I didn’t see In this World, but Code 46 (which somehow snagged a gala spot) epitomizes what I’m talking about. It’s set in Shanghai, in one of those budget-friendly futuristic environments that looks pretty much like the present day, with a few bits of high-tech gloss and hints of Big Brother. It’s a more homogenized world too, at least in the major cities; traditional culture has largely been pushed into what’s called “outside.” None of this is particularly original or bracing, and the plot resembles a deadened distillation of elements from Minority Report, Gattaca, Wim Wenders’ Until the End of the World, and others. It stars Tim Robbins as an investigator who can read minds by virtue of an “empathy virus” he’s ingested, and Samantha Morton as the quarry he falls in love with. The overall arc is one of tragic romance, of humanity trying to assert itself against increasing constraints. That reminds me of a lot of movies too.
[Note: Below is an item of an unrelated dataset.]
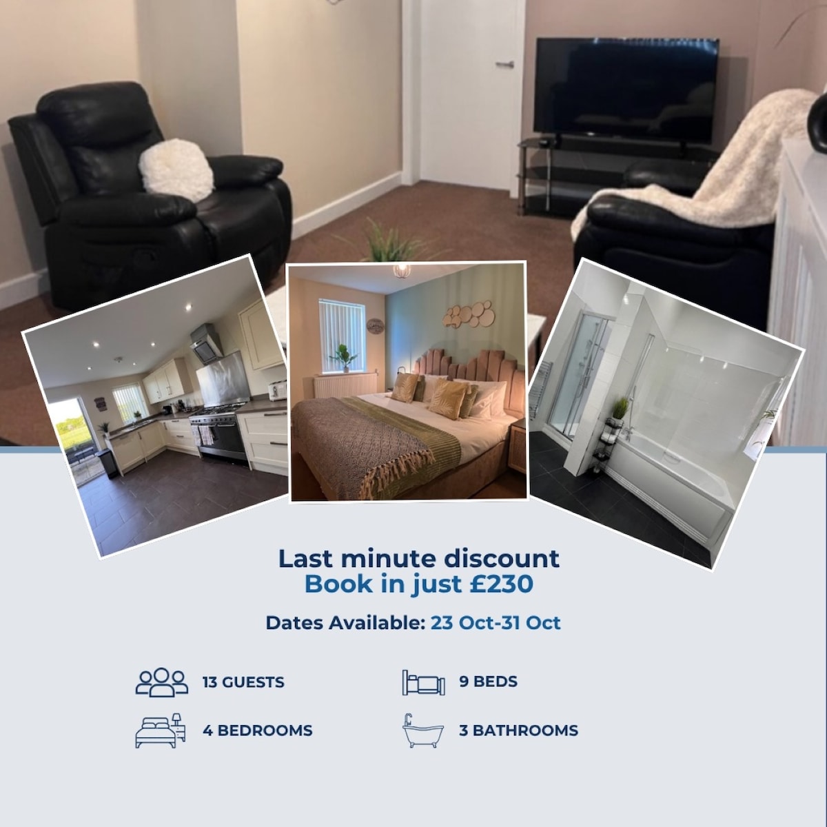 UNE GRANDE propriété dans le centre-ville ! Un Tardis certain ! Il y a un parking juste à l'extérieur de la propriété, une connexion wifi ultra-rapide et une télévision connectée. Cuisine entièrement équipée avec réfrigérateur-congélateur, lave-vaisselle et toutes les installations de cuisine dont vous avez besoin. Avec 3 chambres et 3 salles de bain, parfaite pour les entrepreneurs travaillant localement ou les amis/la famille qui cherchent à se réunir. Situé au centre-ville, vous trouverez une abondance de pubs, de restaurants et de plats à emporter à votre porte. PAS DE GROUPES DE MOINS DE 25 ANS

I might have felt unusually distanced from the movie because I had to watch it from the mezzanine at Roy Thomson Hall – a location I detest. I can’t get wrapped up in an image that seems so far away – it’s like staring into the bottom of a bucket (my preferred spot is right up front in the second or third row, where it’s just you and the looming screen). Code 46’s forensic air probably suffered from this handicap more than a more exuberant movie might have done, so I feel obliged to make this full disclosure. That said, I’m still pretty confident the film doesn’t amount to much. Oh well, maybe next year’s pair of Winterbottom movies will be stronger.